Despite the seemingly short question, I think it needs to be broken down into smaller pieces to give answers that are not too simplistic (I am not claiming that I am capable of doing so):
What happens in the brain when a thought is born?
= this depends strongly on prior experiences and the stimulus of (conscious?/declarative) thought. Looking at Damasio's somatic marker theory, external, internal stimuli, or both represent a potential trigger information processing leading to thought.
Following your recent reply, I wholeheartedly agree and also the reason why I rather like to avoid the term consciousness! We make sense of the world by feeding our nervous system with experiences of interacting with the world with immediate feedback loops. This is, in my view, how our mind emerges. For that to happen, we need perceptual access to relational, interaction principles of the environment, and its objects/agents by being situated with our entire body.
Looking for consciousness in our brain is essentially asking our mind to figure something out that is hard to access in the first place and missing the complete picture.
There are a lot of terminological pitfalls here. I don't feel like I am doing the subject justice via a reply.
Therefore, I won't dare to even touch your second inquiry :)
Please feel free to correct my oversimplifications, everyone.
You are right when you say that it's hard to provide an answer to such a broad and complex question in the format we are using on this RG question page.
I have been collecting sources that provide some clues for answering questions such as this. Perhaps followers of this question will find it useful:
Data Embodied cognition and aesthetic experience: a bibliography ...

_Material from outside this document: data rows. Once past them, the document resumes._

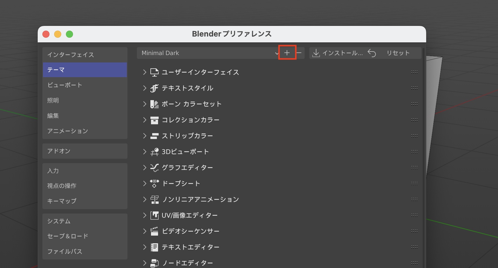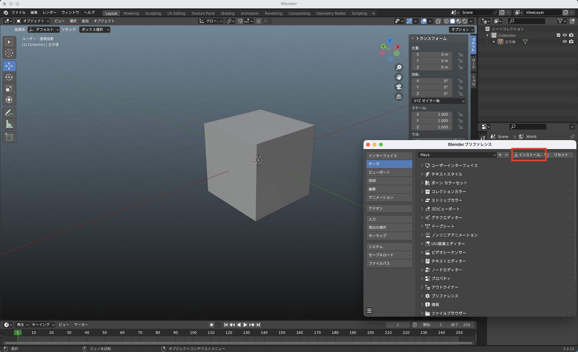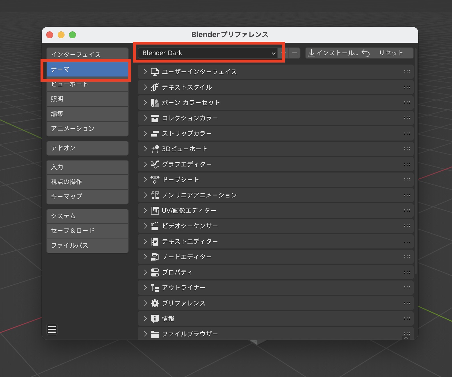 MayaやModoといった他社製の3DCGソフトウェアに近い見た目のものもあるので、そこから変更するか、「インストール」のボタンからXML形式のカスタムテーマをインストールすることも可能です。
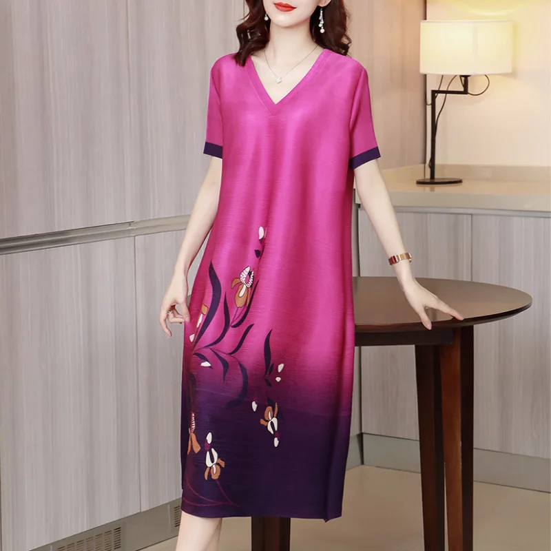 Best Women Dresses Summer 2021 Loose Miyake Pleated V Neck Short Sleeve Printed A Line Dress For Women 45-75kg and You will save 8% or US $67.24 today
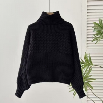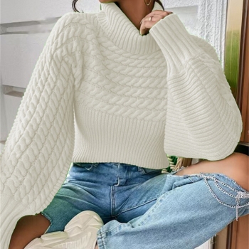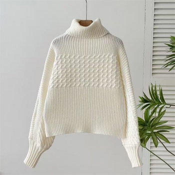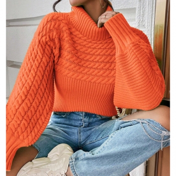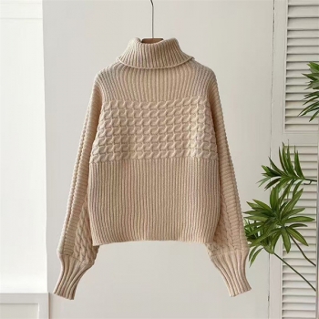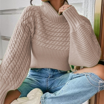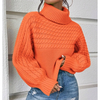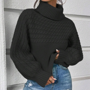 Fashion Turtleneck Long Sleeve Cable Pattern Knitted Sweater
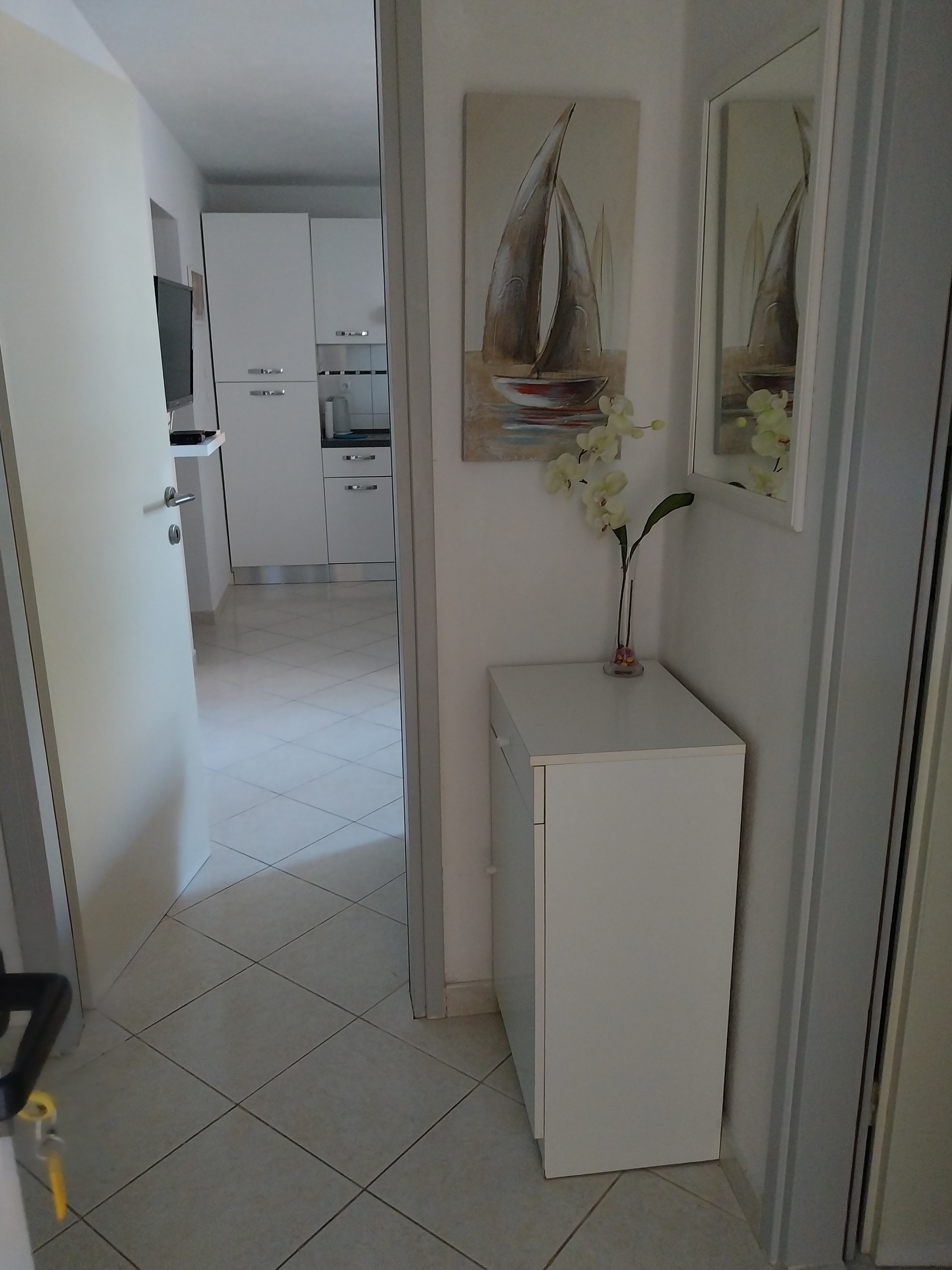 Apartament może przyjąć 4 gości. Łóżka znajdują się w sypialniach, których jest 2, na powierzchni 41m2. Goście mają dostęp do tarasu, by korzystać z ciepłych, letnich wieczorów. Z apartamentu roztacza się widok na morze. Możliwość przygotowywania posiłków poprzez korzystanie ze wspólnego grilla. WLICZONE W CENĘ: taksa pobytowa, sprzątanie końcowe, klimatyzacja, parking, internet, łóżeczko dziecięce, żelazko, deska do prasowania, suszarka do włosów, parasol. NIEOBOWIĄZKOWE KOSZTY DODATKOWE: rower (10,00 € za dzień (za sztukę)). Dostępność dodatkowych usług w rezerwowanym terminie oraz ich cenę (jeśli nie jest podana) należy sprawdzić wcześniej. Za dodatowe usługi, które nie zostały uwzględnione w kalkulacji ceny, płaci się bezpośrednio właścicielowi obiektu, pod warunkiem śe gość korzysta z tych usług.
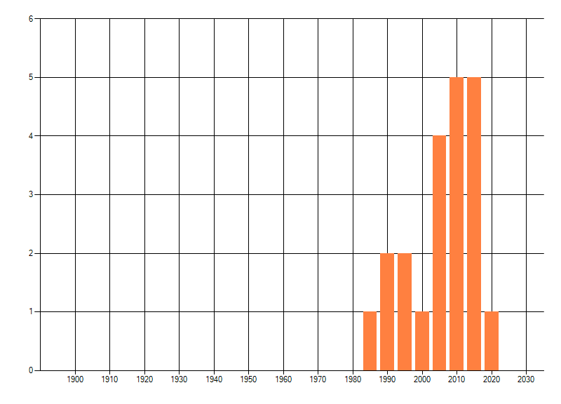 Het aantal atlasblokken (5x5 km) waarin de soort is gemeld binnen een periode van vijf jaar (vanaf 1980) of twintig jaar. Niet gecorrigeerd voor waarnemersinspanning en het aantal doorgegeven waarnemingen kan sterk variëren per periode, dus een trend in verspreiding kan hier niet direct uit worden afgelezen. Het opgegeven jaartal is het eerste jaar van de periode. Bron: gevalideerde waarnemingen uit de NDFF.
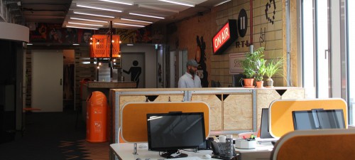 Mitten in den großen Redaktionsraum wurde nämlich ein zum Teil verglastes, kleines News-Studio erbaut, aus dem demnächst ein Moderator die Zuschauer des Senders RTL II begrüßen wird. Frei bewegliche Kameras ermöglichen damit auch den Blick auf die arbeitenden Redakteure. Über HD-fähige Rückprojektoren werden Bilder und Grafiken auf eine Leinwand geworfen, die aktuelle Nachrichten auch im Studio visualisieren können. Zudem sorgen LED-Panels dafür, dass Hashtags zu bestimmten Themen eingeblendet werden und die farbliche Gestaltung der Elemente sich einem bestimmten Ressort anpassen kann. Das passiert etwa an kleinen Säulen, an die sich die Präsentatoren der News künftig lehnen können.
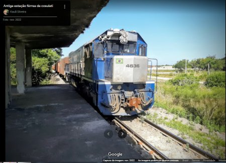 ACIMA: Estação da Cosulati e trem cargueiro passando, em foto Google em 11/2022)
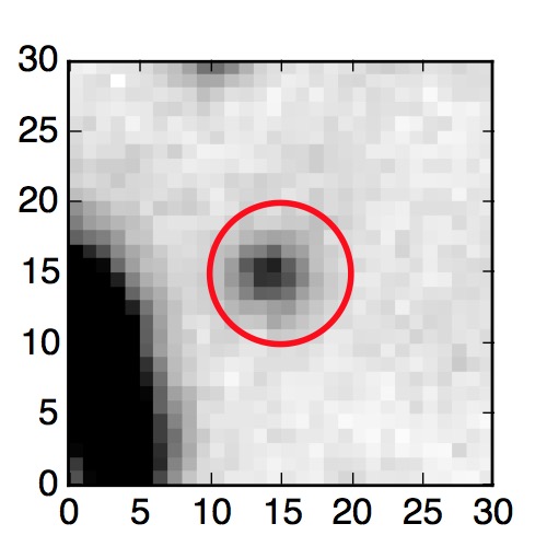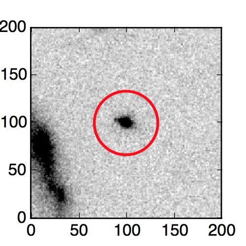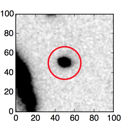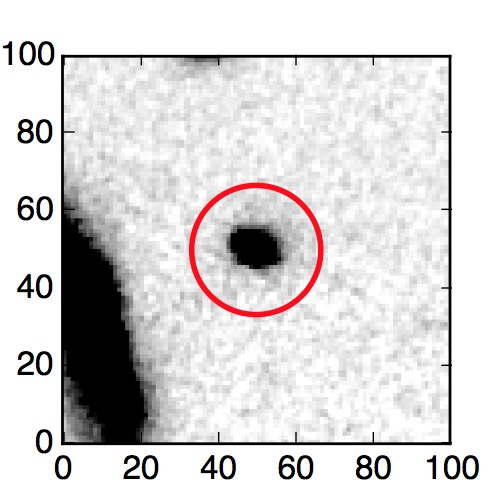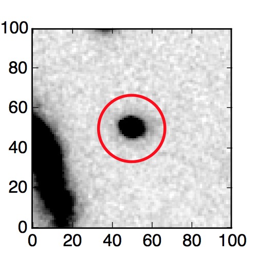 The red circle in the various panels is 1" in radius. The images are 6"x6".
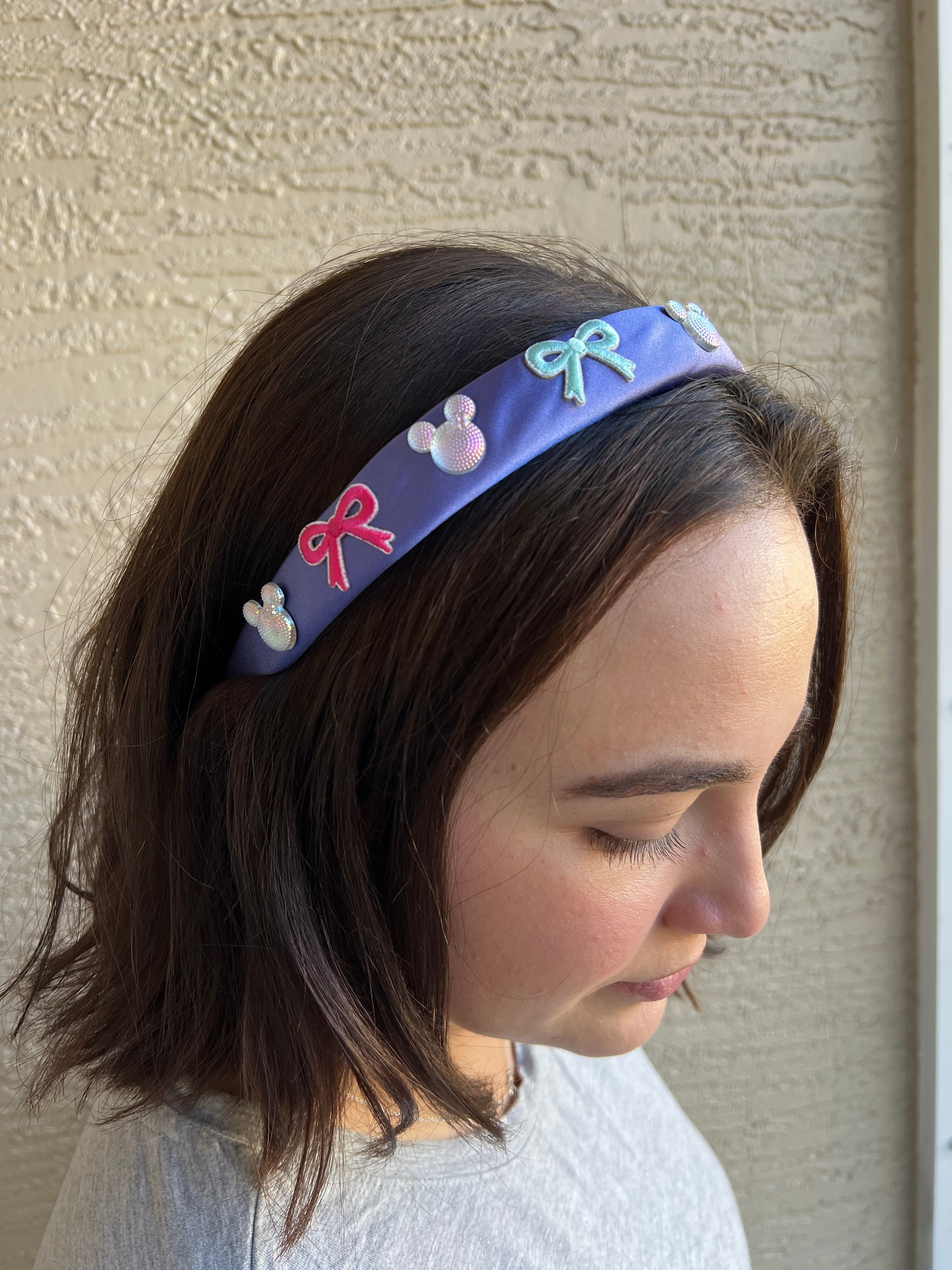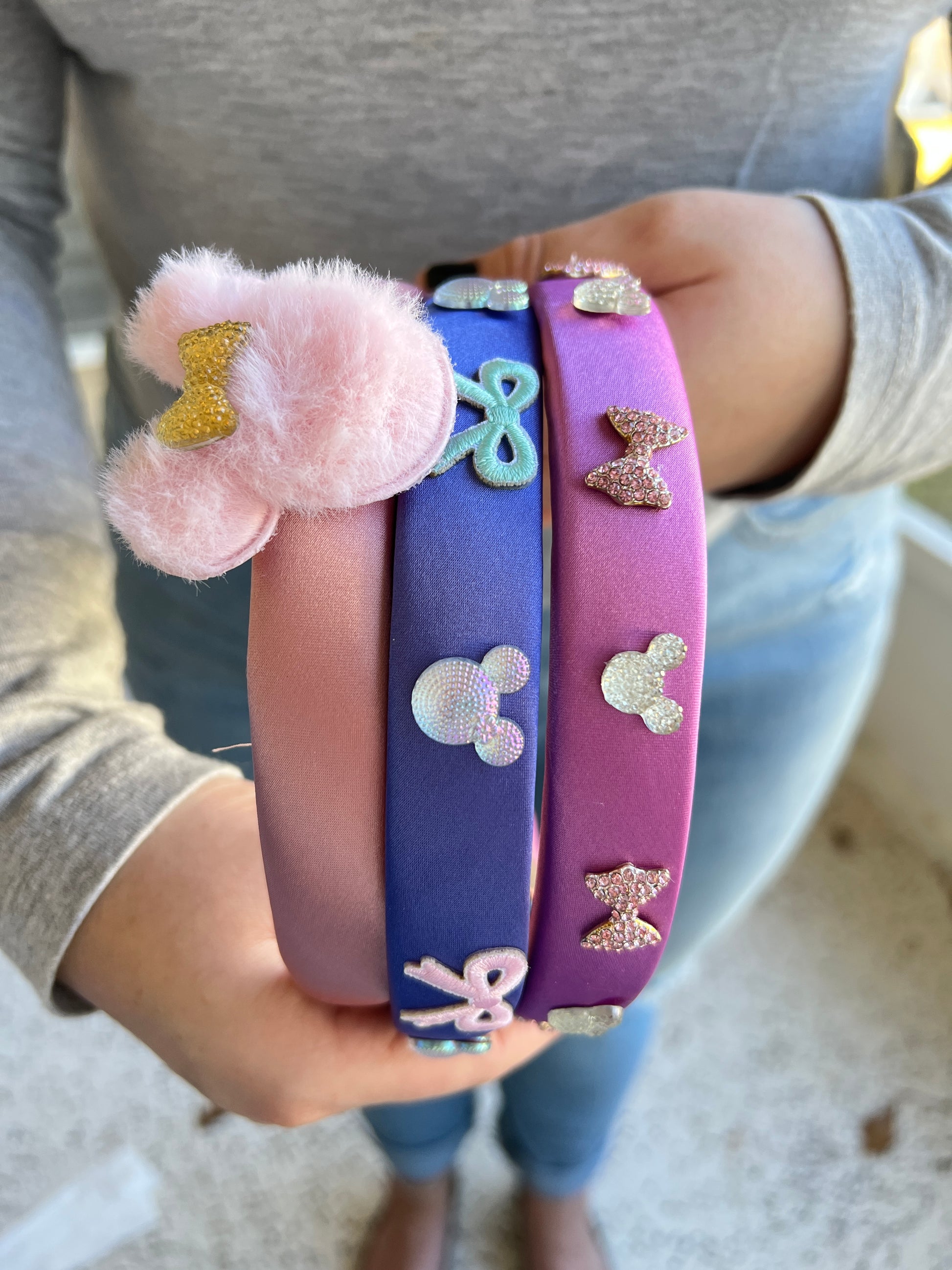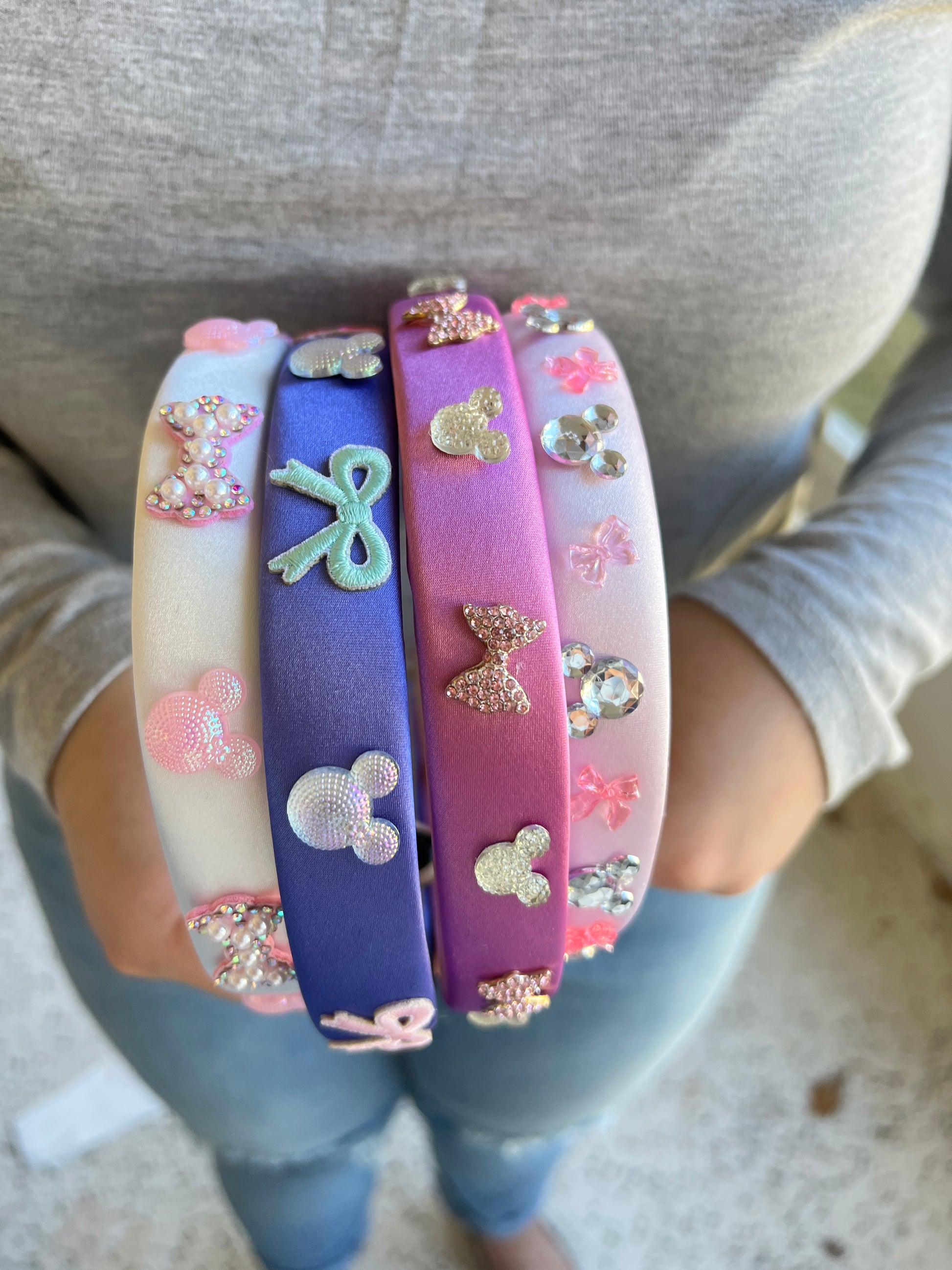 Choice of 5 designs. Gorgeous padded 3/4” wide covered in Mickey Embelishments.

I can also share a recent article that attempts to make sense of the concept of embodied cognition and its usefulness in the study of aesthetic experience and visual language:
Article "Embodied cognitive science, aesthetics, and the study of vi...
If the study of the relationship between aesthetic experiences and (embodied) cognitive sciences are your main interest, I actually might be of help as it is a slowly emerging field in media studies (especially when the moving image is concerned: e.g. film studies, games studies, VR experiments). But for a satisfying answer, I definitely need more space and time (since I, apparently, did not understand it well enough to put this notion in simple terms). However, since 'the author' died a long time ago, I see no reason not to study aesthetic experiences scientifically, independent of authors' intend (many scholars from the humanities might disagree, though). You can have sublime experiences in VR, for instance - these things are responsible for opening pandora's box called the philosophy of the mind in the first place. I actually feel humbled that you provided more context in response to my answer.
The question suggests the answer right..as well as there is no „generatio spontanea“ in life, thoughts emerge from parents (neuronal patterns derived from sensual experience).